Dent begins with some background on Postfix and its philosophy, and on email, SMTP and Unix more broadly. Two chapters then cover the basics in some thirty pages: one describes the Postfix architecture and another its configuration and administration. There follow chapters on management of the Postfix queue, basic DNS for email, local delivery — mbox and maildir formats and POP/IMAP options — hosting multiple domains, and mail relaying.
The remaining chapters cover more specialised topics. There's a chapter on running mailing lists, covering simple :include lists managed by Postfix itself, majordomo, and mailman. There's a chapter on Postfix's extensive built-in spam controls and another on interfacing to external content-filtering software. And there are chapters on SASL authentication, TLS, and using an external database such as MySQL or LDAP.

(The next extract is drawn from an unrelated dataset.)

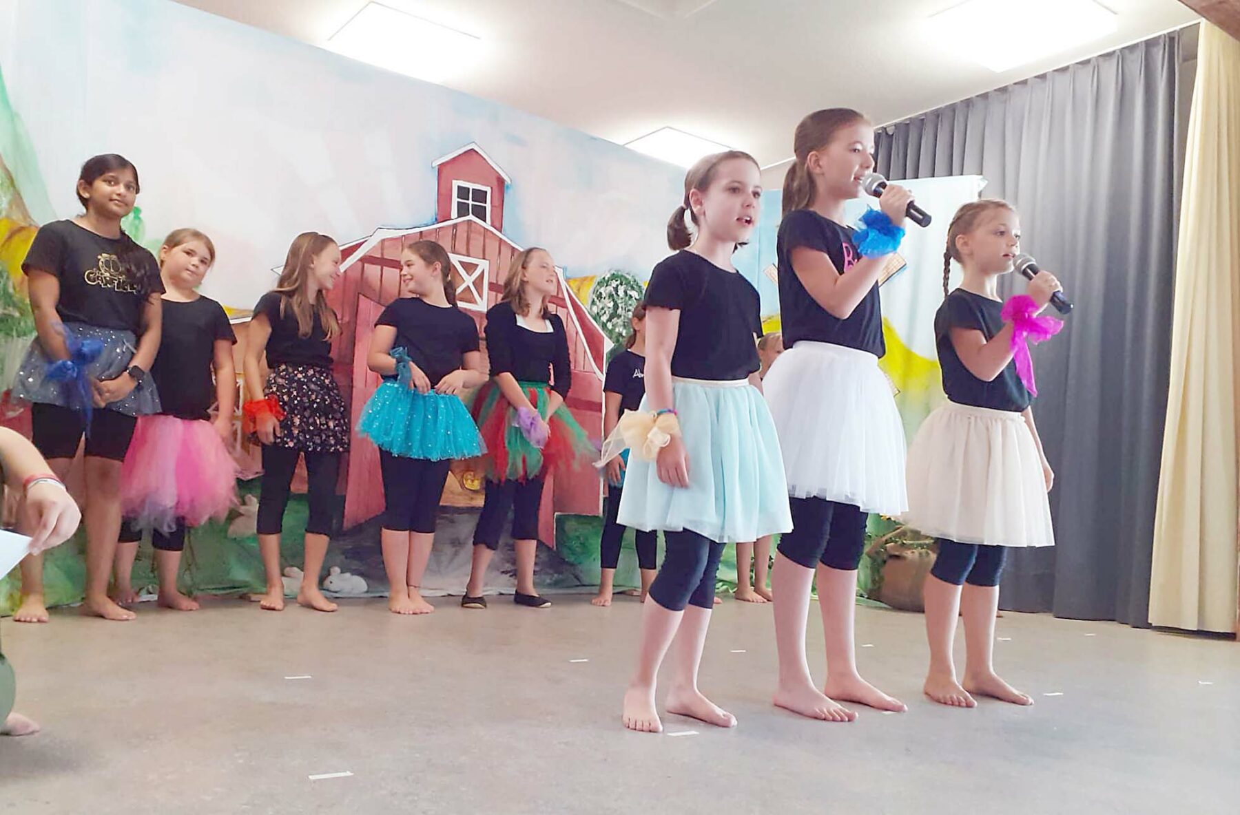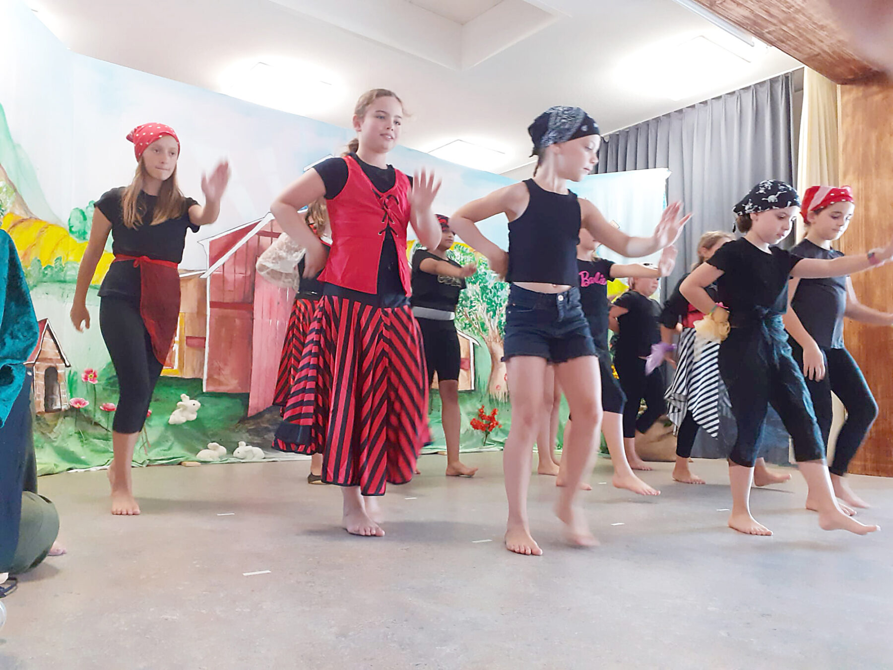 Die elf Mädchen tanzten zu „Sofia“ des deutsch-spanischen Sängers Alvaro Soler. Danach folgte ein kleines Ratespiel. Mit der Ansage: „Tiere, die gut schwimmen können“ bezogen die Ansagerinnen dann das Publikum mit ein und stimmten sogleich das bekannte Lied „Alle meine Entchen“ an. Mit dem „Liebe kleine Schwarzwaldmarie“ eroberten zwei Mädchen die Herzen des Publikums. Einige Zuhörer*innen im Saal stimmten mit ein oder schlugen den Takt mit. Als Piraten verkleidet führten elf Mädchen einen „Piratentanz“ auf, gefolgt von der Tritsch-Tratsch-Polka von Johann Strauß (Sohn). Zusammen mit Katja Prochazkova-Körnle tanzten die elf Mädchen hochkonzentriert, locker und frei.

How useful this material is obviously depends on what you want to do. I wish I'd had the section on getting mailman to work with Postfix back when I did that. And I found the chapter on spam controls most helpful, using it to rewrite my anti-spam configuration completely. But I only glanced at the chapters on SASL, TSL, and databases.
The Definitive Guide provides examples, but not much in the way of step-by-step recipes — for those it's probably better to look online for one which matches your operating system and setup exactly. What Dent's book will give you is the background necessary to understand what's in the recipes, or to experiment yourself.